● **Exercise objective**:
Could you print each entry below verbatim while omitting the pictures?

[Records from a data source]
[Start of Attachment]

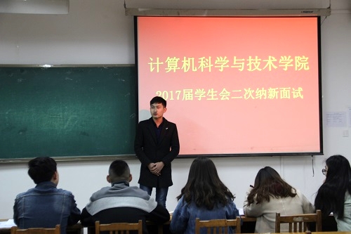 面试过程分为脱稿演讲和问题答辩两个环节。首先由各位竞选同学进行自我介绍,向大家展示自身优势、对所竞选部门的认知以及部门今后的简略规划和具体做法,并说明了加入员工会的初衷。自我介绍结束后,评委提出针对性问题,以此考察竞选者处理各类问题的能力以及是否具有该部门工作所需能力。竞选者以灵活独特的方式回答评委问题,简述自己的工作规划及工作职责,尽最大努力展示自己,以期望能够进入员工会队伍,锻炼自己,展现自己的才能,为同学们服务。各位评委本着公平、公正、公开的原则,以严肃认真的态度考量各位竞选同学,希望给各位竞选同学以施展自己才能的空间,做好每一项工作。
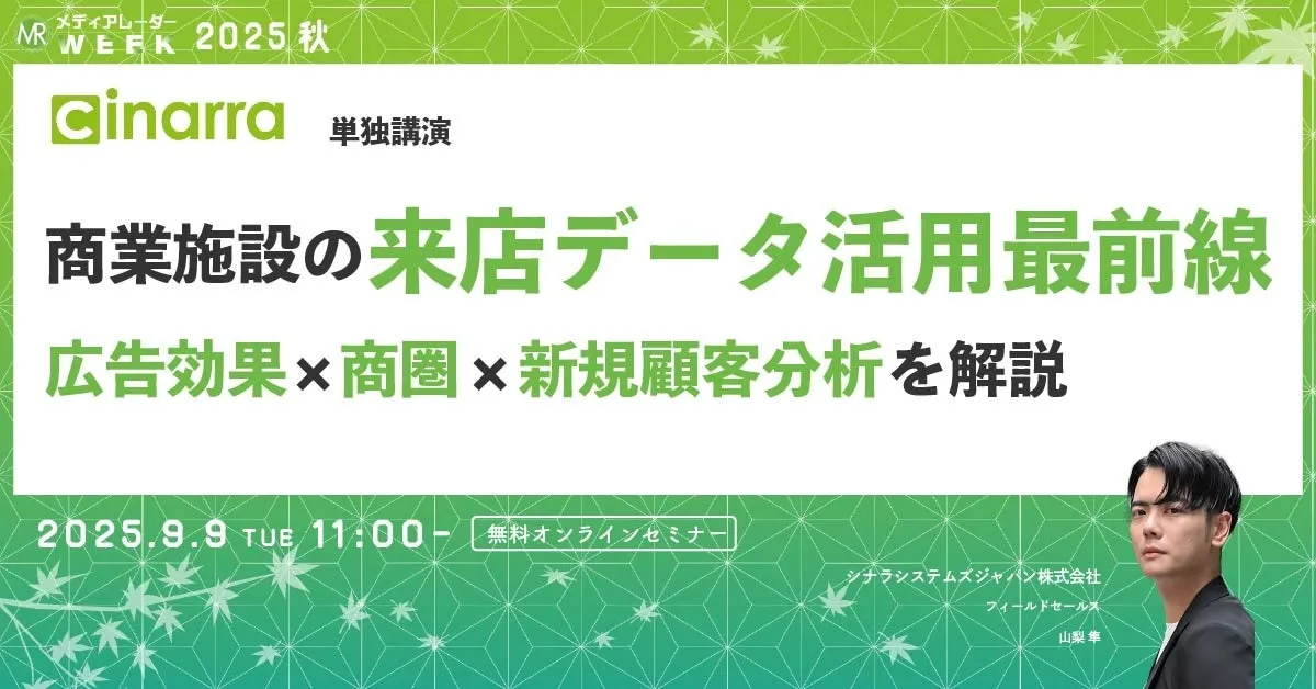 株式会社アイズが主催する「第19回メディアレーダーWEEK 2025 秋」が、2025年9月9日(火)にオンラインで開催されます。この回では、シナラシステムズジャパン株式会社が登壇し、商業施設や小売業、飲食業界における来店データの活用について解説します。今回は、あらゆる企業が直面する広告効果測定や商圏の見える化、新規顧客の発見・分析といった内容が盛り込まれており、必見のセミナーです。
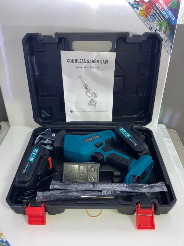 Detalles del productoSierra sable inalámbrica de 21V, ideal para trabajos de corte. Incluye estuche, baterías y cargador.
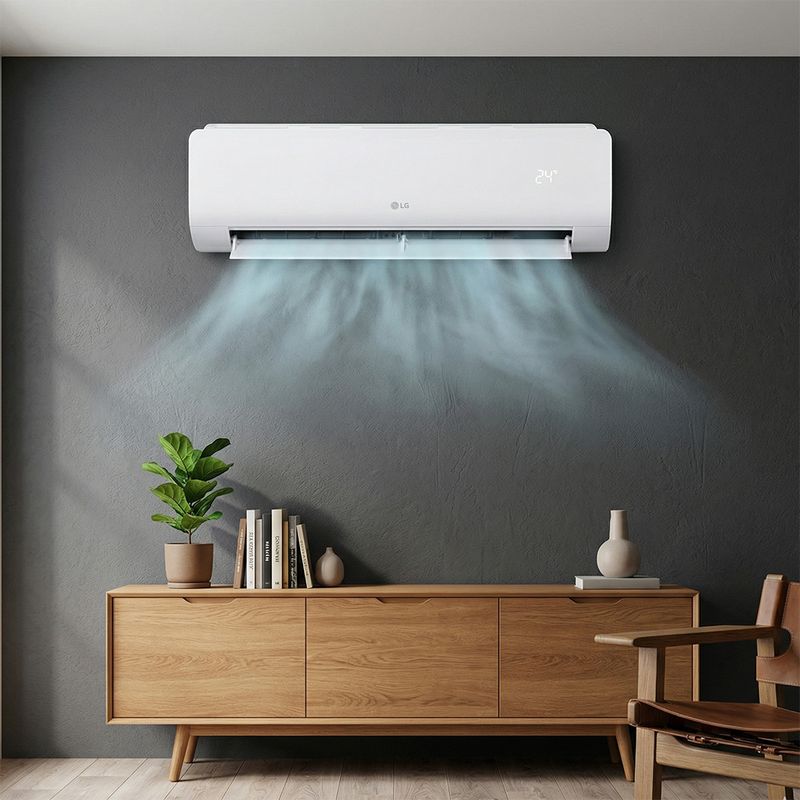 Aire acondicionado Split Inverter LG 12 000 BTU con compresor Dual Inverter, enfriamiento rápido, ahorro de energía, deshumidificador y filtros que purifican el aire. Ideal para habitaciones hasta ~20 m².
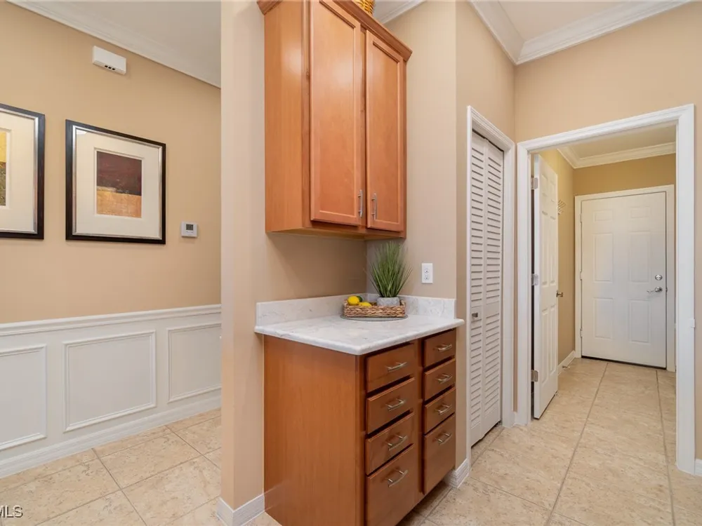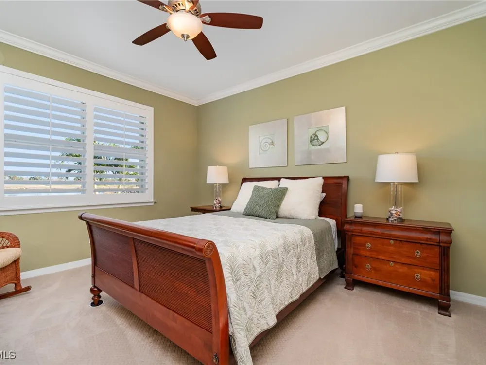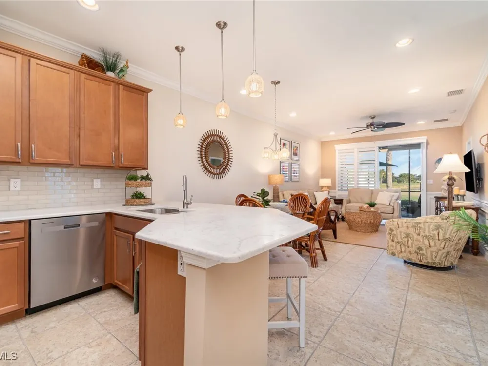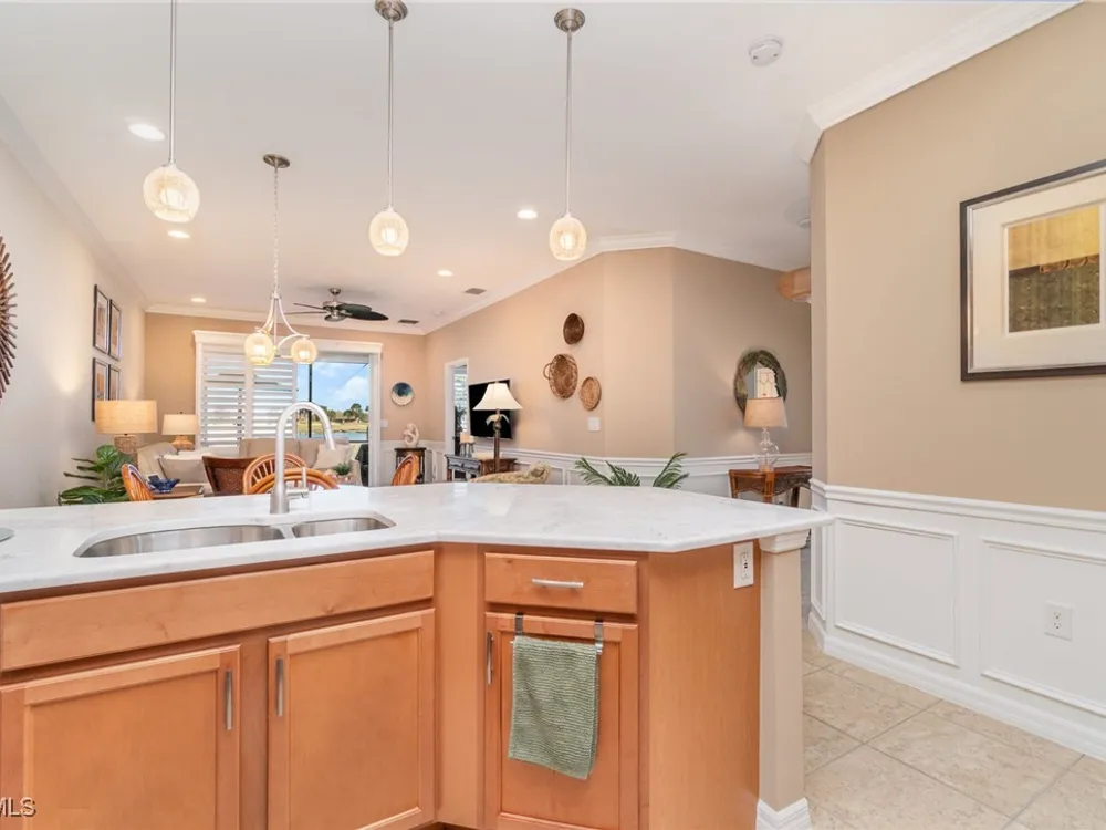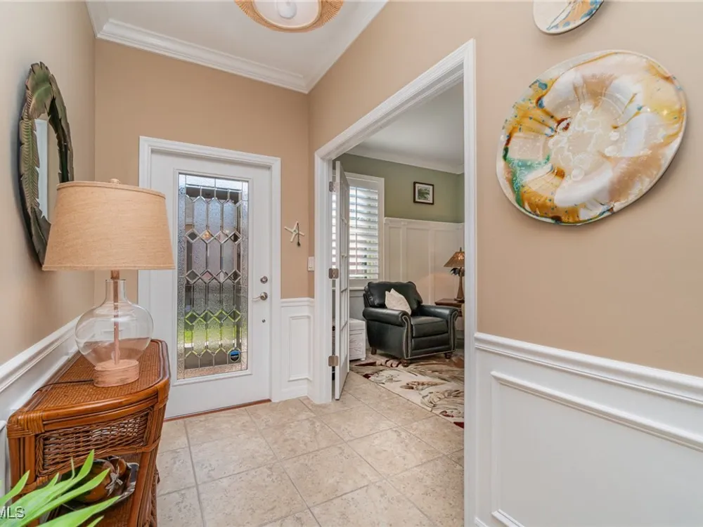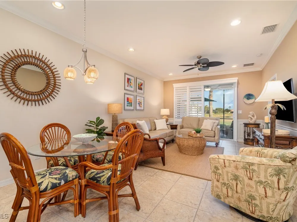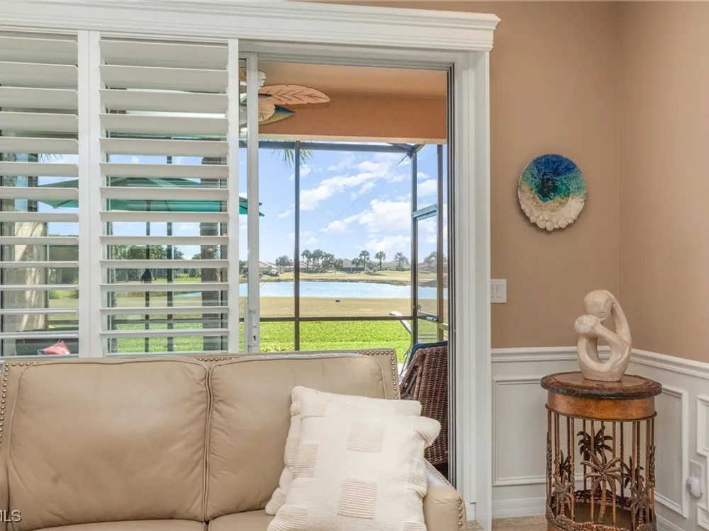 Experience the Lifestyle in this One-of-a-Kind Villa! Unmatched water and golf course views, paired with high-end upgrades, set this stunning villa apart. Designed for the most discerning homeowner, this immaculately upgraded 2-bedroom + den, 2-bath home offers a perfect balance of luxury and comfort that is truly rare to find. Inside, elegant wainscoting, crown molding throughout, and plantation shutters on every window create a refined and timeless aesthetic. New quartz countertops, upgraded appliances, and premium 42” cabinetry enhance both style and functionality. The open-concept design makes entertaining effortless, with clear sightlines from the kitchen to the dining and living areas, creating a seamless flow that extends to the lanai and patio. Whether hosting guests or simply taking in the breathtaking views, this home is designed for connection and relaxation. The den provides a versatile space, ideal for a home office or an additional guest area. The spacious primary suite features two walk-in closets, an ensuite with double vanities, and an abundance of natural light. Step outside to your extended screened-in lanai or unwind on your large outdoor pavered patio, where stunning golf course and water views provide a tranquil retreat. The 2-car garage with lifestyle screen offers extended living space to enjoy the Florida weather and your friends & neighbors. Updated landscaping adds an extra layer of curb appeal, enhancing the home’s beauty and creating a peaceful, park-like atmosphere. Located on a quiet, lightly traveled street in the heart of the community, this villa offers a serene setting with friendly neighbors nearby. Ideal for both seasonal and full-time residents, this villa delivers an elevated lifestyle in a gated community with top-tier amenities. Whether you're looking for a winter escape or year-round resort-style living, this home offers exceptional value, unparalleled views, and premium upgrades. Don’t miss this rare opportunity!

[End of Attachment]

● **Answer below**:
 面试过程分为脱稿演讲和问题答辩两个环节。首先由各位竞选同学进行自我介绍,向大家展示自身优势、对所竞选部门的认知以及部门今后的简略规划和具体做法,并说明了加入员工会的初衷。自我介绍结束后,评委提出针对性问题,以此考察竞选者处理各类问题的能力以及是否具有该部门工作所需能力。竞选者以灵活独特的方式回答评委问题,简述自己的工作规划及工作职责,尽最大努力展示自己,以期望能够进入员工会队伍,锻炼自己,展现自己的才能,为同学们服务。各位评委本着公平、公正、公开的原则,以严肃认真的态度考量各位竞选同学,希望给各位竞选同学以施展自己才能的空间,做好每一项工作。
 株式会社アイズが主催する「第19回メディアレーダーWEEK 2025 秋」が、2025年9月9日(火)にオンラインで開催されます。この回では、シナラシステムズジャパン株式会社が登壇し、商業施設や小売業、飲食業界における来店データの活用について解説します。今回は、あらゆる企業が直面する広告効果測定や商圏の見える化、新規顧客の発見・分析といった内容が盛り込まれており、必見のセミナーです。
 Detalles del productoSierra sable inalámbrica de 21V, ideal para trabajos de corte. Incluye estuche, baterías y cargador.
 Aire acondicionado Split Inverter LG 12 000 BTU con compresor Dual Inverter, enfriamiento rápido, ahorro de energía, deshumidificador y filtros que purifican el aire. Ideal para habitaciones hasta ~20 m².
 Experience the Lifestyle in this One-of-a-Kind Villa! Unmatched water and golf course views, paired with high-end upgrades, set this stunning villa apart. Designed for the most discerning homeowner, this immaculately upgraded 2-bedroom + den, 2-bath home offers a perfect balance of luxury and comfort that is truly rare to find. Inside, elegant wainscoting, crown molding throughout, and plantation shutters on every window create a refined and timeless aesthetic. New quartz countertops, upgraded appliances, and premium 42” cabinetry enhance both style and functionality. The open-concept design makes entertaining effortless, with clear sightlines from the kitchen to the dining and living areas, creating a seamless flow that extends to the lanai and patio. Whether hosting guests or simply taking in the breathtaking views, this home is designed for connection and relaxation. The den provides a versatile space, ideal for a home office or an additional guest area. The spacious primary suite features two walk-in closets, an ensuite with double vanities, and an abundance of natural light. Step outside to your extended screened-in lanai or unwind on your large outdoor pavered patio, where stunning golf course and water views provide a tranquil retreat. The 2-car garage with lifestyle screen offers extended living space to enjoy the Florida weather and your friends & neighbors. Updated landscaping adds an extra layer of curb appeal, enhancing the home’s beauty and creating a peaceful, park-like atmosphere. Located on a quiet, lightly traveled street in the heart of the community, this villa offers a serene setting with friendly neighbors nearby. Ideal for both seasonal and full-time residents, this villa delivers an elevated lifestyle in a gated community with top-tier amenities. Whether you're looking for a winter escape or year-round resort-style living, this home offers exceptional value, unparalleled views, and premium upgrades. Don’t miss this rare opportunity!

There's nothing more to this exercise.